The NOTICE Act — which stands for Notice of Observation Treatment and Implication for Care Eligibility — was passed on Aug. 6, 2015, but just recently went into effect — on March 8. Its intent was to address years of complaints from patients, health care professionals and members of Congress about observation status.

Observation status is a classification by Medicare for when someone is not well enough to be released from the hospital, but not sick enough to be admitted as an inpatient. It can give doctors more time to figure out what’s wrong.
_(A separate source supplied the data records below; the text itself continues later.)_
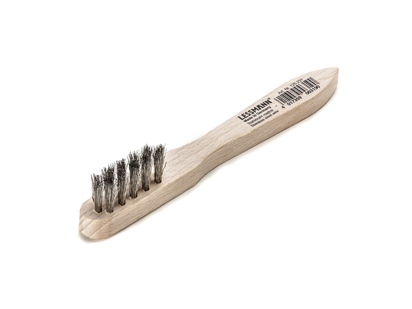 Lessmann tændrørsbørste er udviklet til manuel rengøring af følsomme overflader. Den fjerner skånsomt snavs og aflejringer uden at beskadige materialet. Børsten er velegnet til præcisionsarbejde og har et ergonomisk træskaft, der sikrer et godt greb.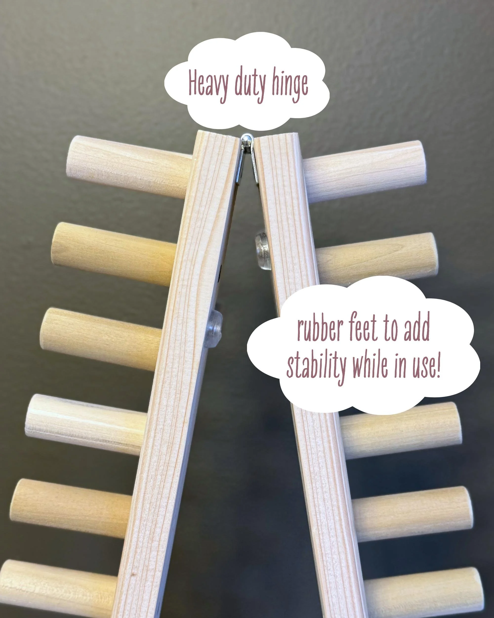Crafted from high-quality solid wood, this loom is built to withstand repeated use while maintaining its shape and durability. The loom is meticulously sanded to prevent yarn from snagging or splintering. Each wooden peg measures 2.5” in length and is securely recessed 1/2” into the base for stability, giving you approximately 2.0" to work with. Plus, each peg is reinforced with a high-quality screw. The loom base features rubber feet to ensure it remains steady during use. (feet may be clear or black)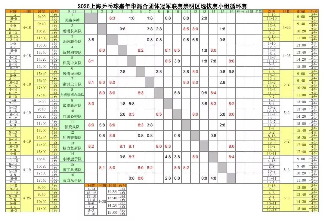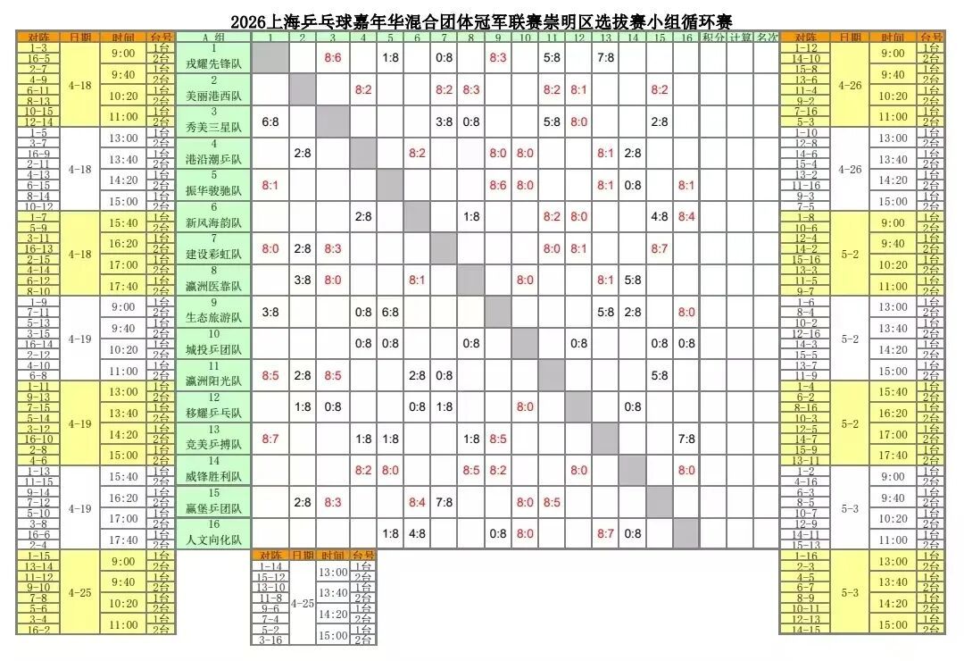 “爱乒才会赢,乐享嘉年华!”2026上海乒乓球嘉年华混合团体冠军联赛“上海农商银行杯”崇明区选拔赛首站,于4月18-19日在崇明M515开打。方寸球台之上,各支队伍挥拍竞技、以球会友,无论是经验丰富的老将,还是初出茅庐的新秀,都以满腔激情与顽强拼搏诠释乒乓魅力。每一次精准的回球、每一次奋力的扣杀,都赢得现场观众的热烈掌声。 在4月18-19日的赛程里,96场六轮对决轮番上演,每一局都扣人心弦、悬念迭起,赛场内外人潮涌动,欢呼声不断。 经过多轮激烈角逐 首站赛事各组别成绩如下 下一站 4月25-26日 我们相约长兴岛郊野公园 参赛观赛的同时 还有花海美景、亲子活动等丰富内容 敬请期待 4月25-26日,长兴岛郊野公园3号门军体教研室,专业场地、规范赛制,全城高手齐聚,以球会友,挥拍竞逐。 赛事期间,长兴岛郊野公园将为参赛选手免费提供矿泉水与比赛专用乒乓球,全力护航每一场精彩对决。 春日海岛风光正好,参赛观赛之余,长兴岛郊野公园繁花似锦、风光旖旎,鸢尾园、玫瑰园即将迎来盛花期,法式花墙、热气球装置、网红花海打卡点全面开放,一步一景氛围感拉满,沉浸式花海美景随手出圈。 2026“郊野小勇士・亲子嘉年华” 勇士障碍赛也即将重磅来袭,趣味闯关、亲子协作、勇气挑战,让大小朋友在自然郊野间尽情释放活力,共度温馨欢乐时光。 “五一”假期,公园还将推出水稻插秧、果蔬采摘、儿童爱心义卖集市等特色活动,花事、赛事、农事三大主题联动融合,一站式解锁崇明春日休闲欢乐。 收好这份竞赛日程 别错过每一场精彩赛事哦 资料:区体育局、长兴岛郊野公园 编辑:焦倩倩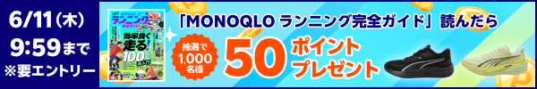 「MONOQLO ランニング完全ガイド」を読んだ方の中から抽選で50ポイント・対象店舗にて3,000円以上購入した方の中から抽選で500ポイントプレゼント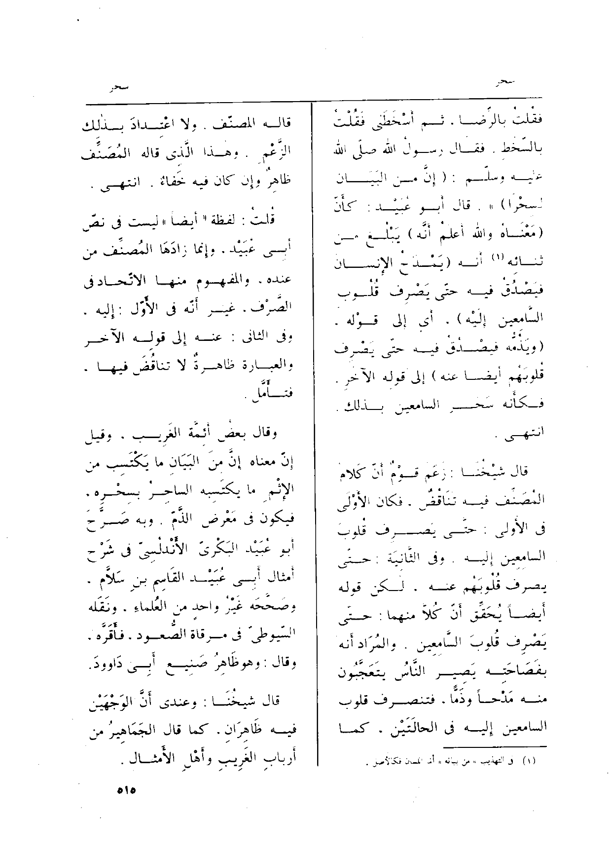 وَقَالَ بعضُ أَئِمَّة الغَرِيب، وَقيل إِنّ مَعْنَاهُ إِنَّ مِنَ البَيَانِ مَا يَكْتَسِب من الإِثْمِ مَا يَكتَسِبه الساحِرُ بسِحْرِه، فَيكون فِي مَعْرض الذَّمّ. وَبِه صَرَّحَ أَبو عُبَيْد البَكْريّ الأَنْدَلُسِيّ فِي شَرْح أَمثال أَبِي عُبَيْد القَاسِم بنِ سَلَّام، وصَحَّحَه غَيْرُ واحدٍ من العُلماءِ، ونَقَله السّيوطيّ فِي مرقاة الصُّعود، فأَقَرَّه، وَقَالَ: وَهُوَ ظَاهِرٌ صَنِيع أَبِي دَاوودَ.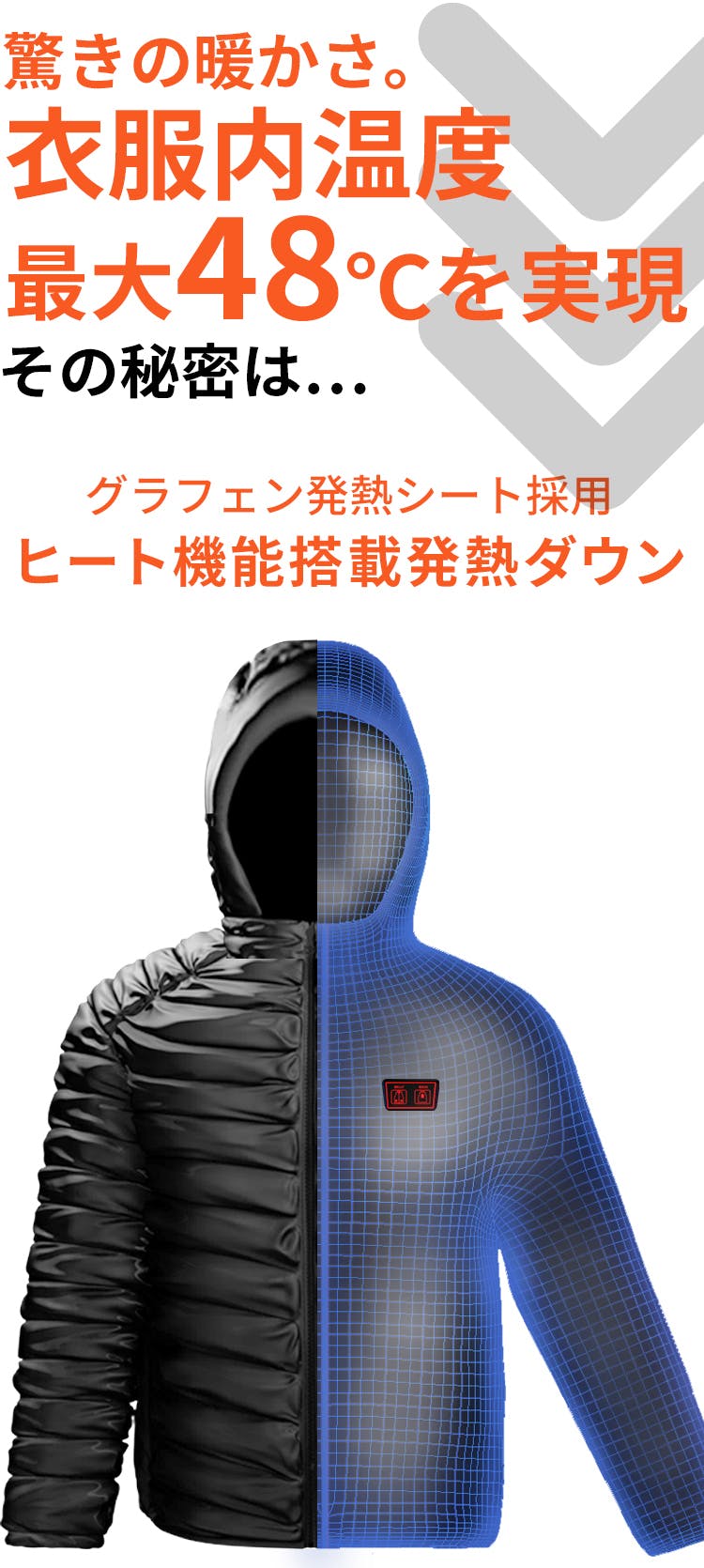 ※ジャケットには、発熱ヒーターは搭載されておりません。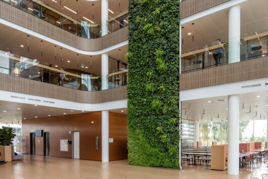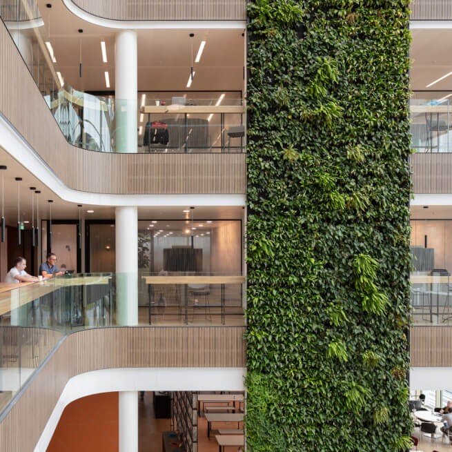 Daarnaast is een voedingsstoffenafgiftesysteem geïntegreerd dat ervoor zorgt dat de planten continu de juiste hoeveelheid nutriënten ontvangen. Deze combinatie van irrigatie, digitale monitoring en gerichte voeding draagt bij aan een stabiel groeiklimaat en een duurzaam beheer van het groen binnen het gebouw.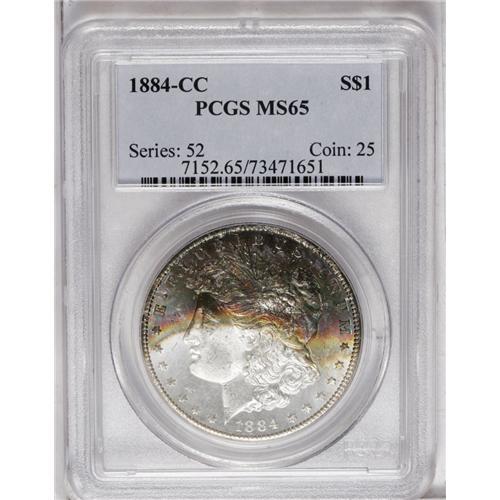1884-CC $1 MS65 PCGS. Generous sea-green, ruby-red, an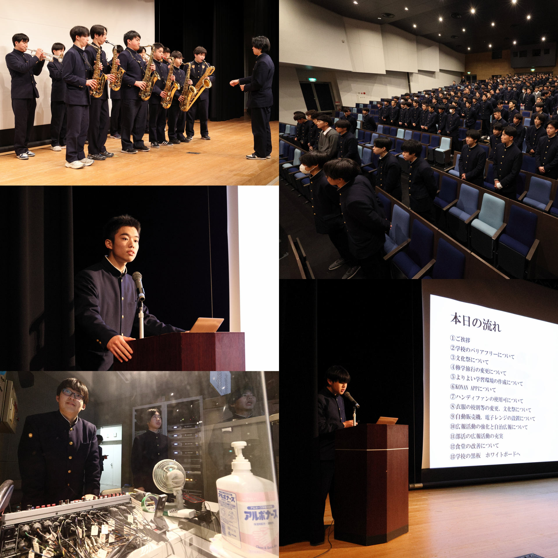 抱負や取り組みでは、学校のバリアフリー化(建物面・心理面・情報面)、文化祭における有志出店の拡大、修学旅行の行き先決定への生徒意見の反映、学習環境(空調)の改善、甲南アプリの開発や学校ウェブサイトの改善、チャットによる意見箱の企画、ハンディファンの使用提案、服装規定の見直し、自動販売機の変更や電子レンジの設置、自治会広報の強化、食堂の混雑緩和、黒板のホワイトボード化など、多岐にわたる活動内容が紹介されました。生徒たちは、熱意のこもったプレゼンテーションに耳を傾け、今後の自治会活動への理解を深めていました。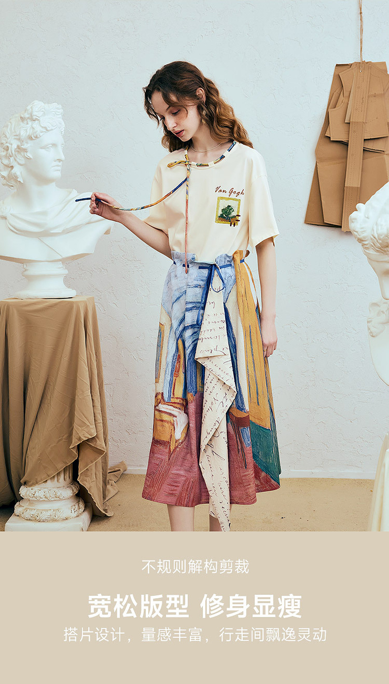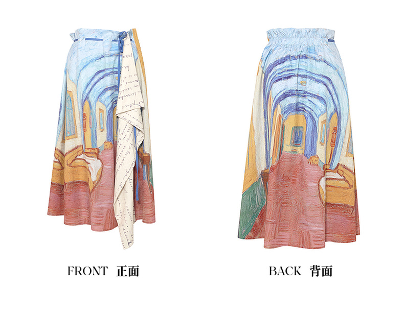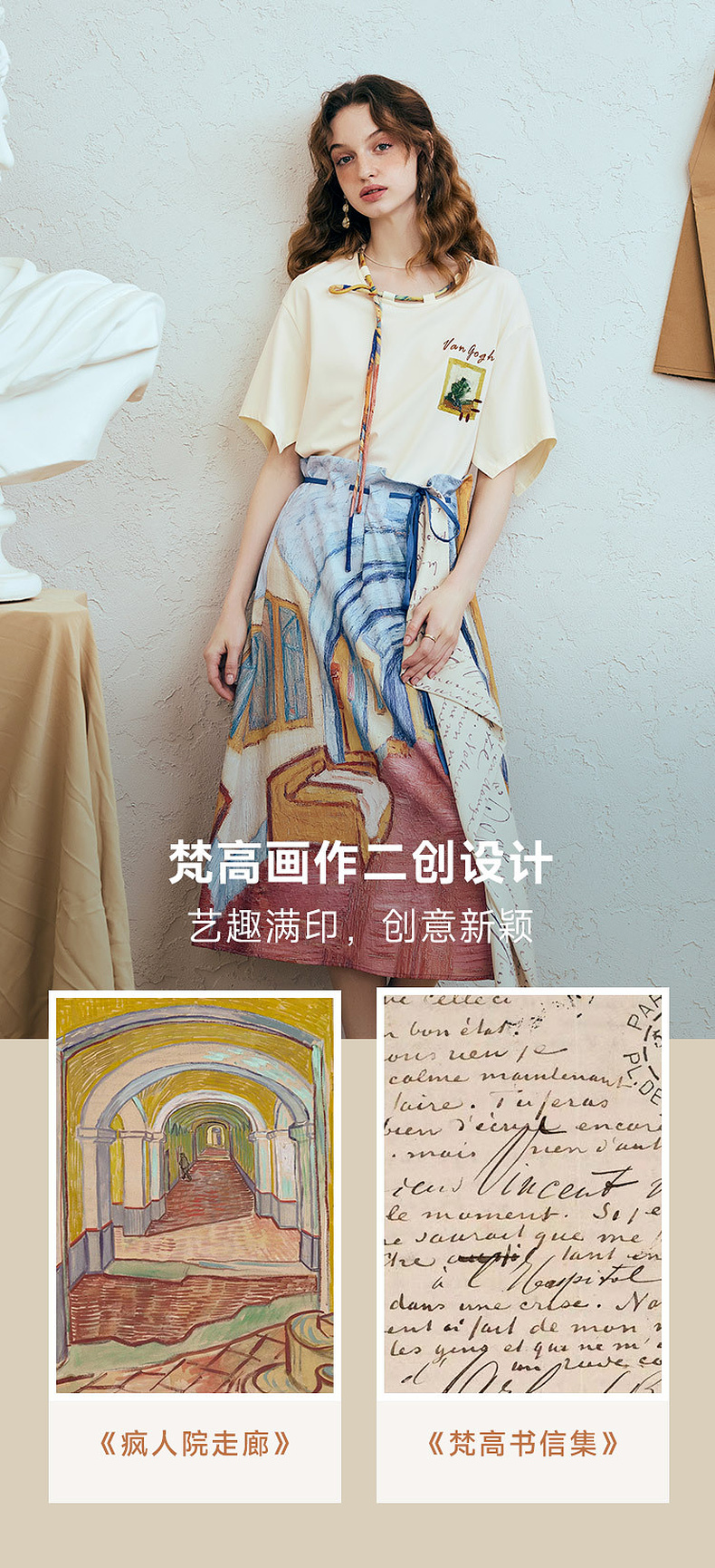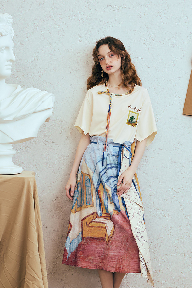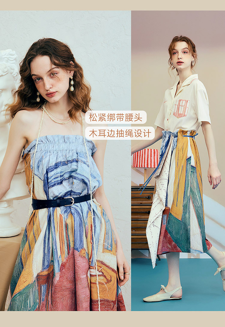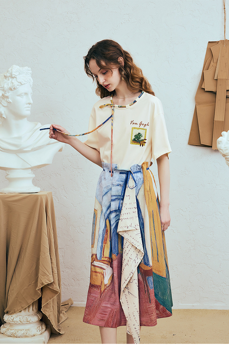 两三事梵高文艺艺术长廊2025夏季新款复古印花抽绳绑带两穿半身裙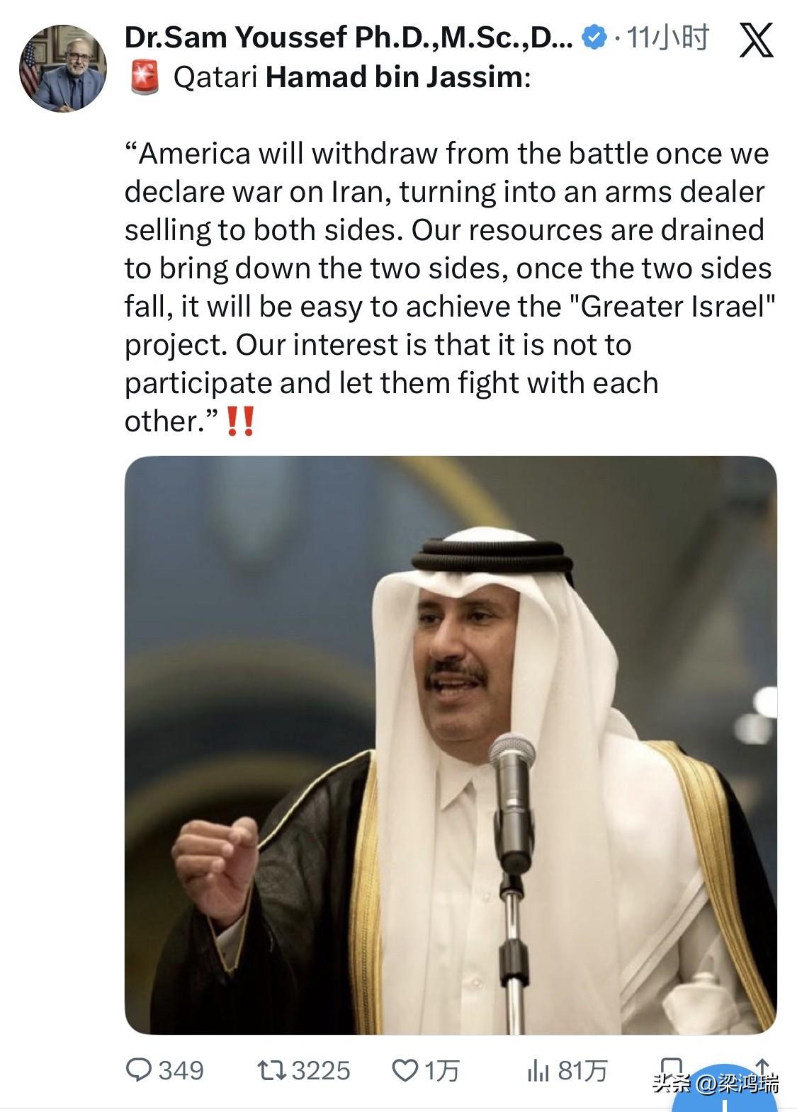 卡塔尔前总理哈马德·本·贾西姆是个明白人,他分析的对: “只要我们(海湾国家)对伊朗宣战,美国立马就会撤出战斗,转身变成军火贩子,同时向双方卖武器。 我们(海湾)的资源会被耗光,用来把两边都拖垮;等两边都倒下之后,‘大以色列’计划就很容易实现了。 我们的正确选择就是不掺和,让他们自己去打个你死我活。”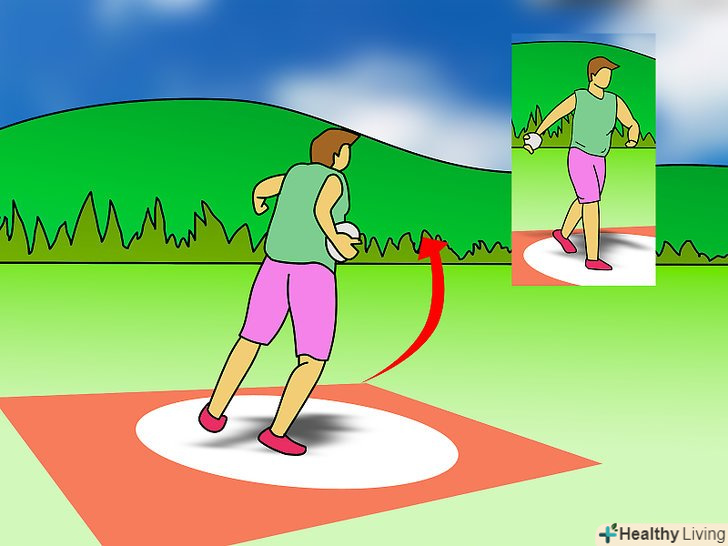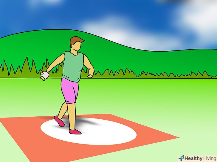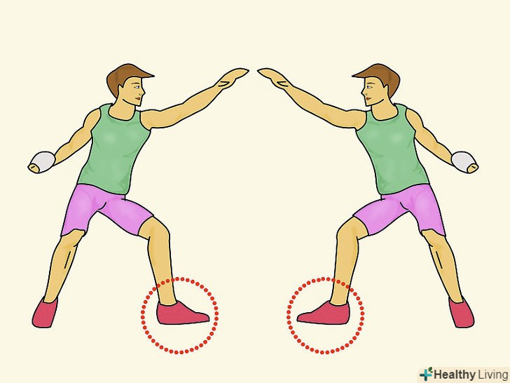 Правильно розставте ноги. у той час як ви будете махати руками і готуватися до кидка, прийміть стійку позицію. Не розставляйте ноги занадто широко, щоб можна було розгорнути тіло для кидка, а також, щоб випадково не травмувати себе.

But despite the positive points, observational status remains a controversial topic, largely because the use of it has spiked sharply in recent years. Some critics assert that federal scrutiny of hospital re-admission rates has incentivized doctors to push Medicare beneficiaries into observation status — with the hope that if a patient is never admitted, his or her return would not be counted against the hospital as a re-admission. While hospitals dispute this, the result — patients not learning until after their hospital or nursing home stay that they owe more than expected  — has added insult to injury.

The NOTICE act now removes some of that surprise sticker shock after the hospital stay. So now, if you learn you’re considered in observation status, you at least know the financial consequences beforehand, versus when it’s too late, and can discuss your treatment options.

As the Medicare.gov website says, you have certain guaranteed rights as a Medicare beneficiary, including the right to learn about all of your treatment choices and participate in treatment decisions. You also can appeal certain decisions about health care payment, coverage of services and prescription drug coverage.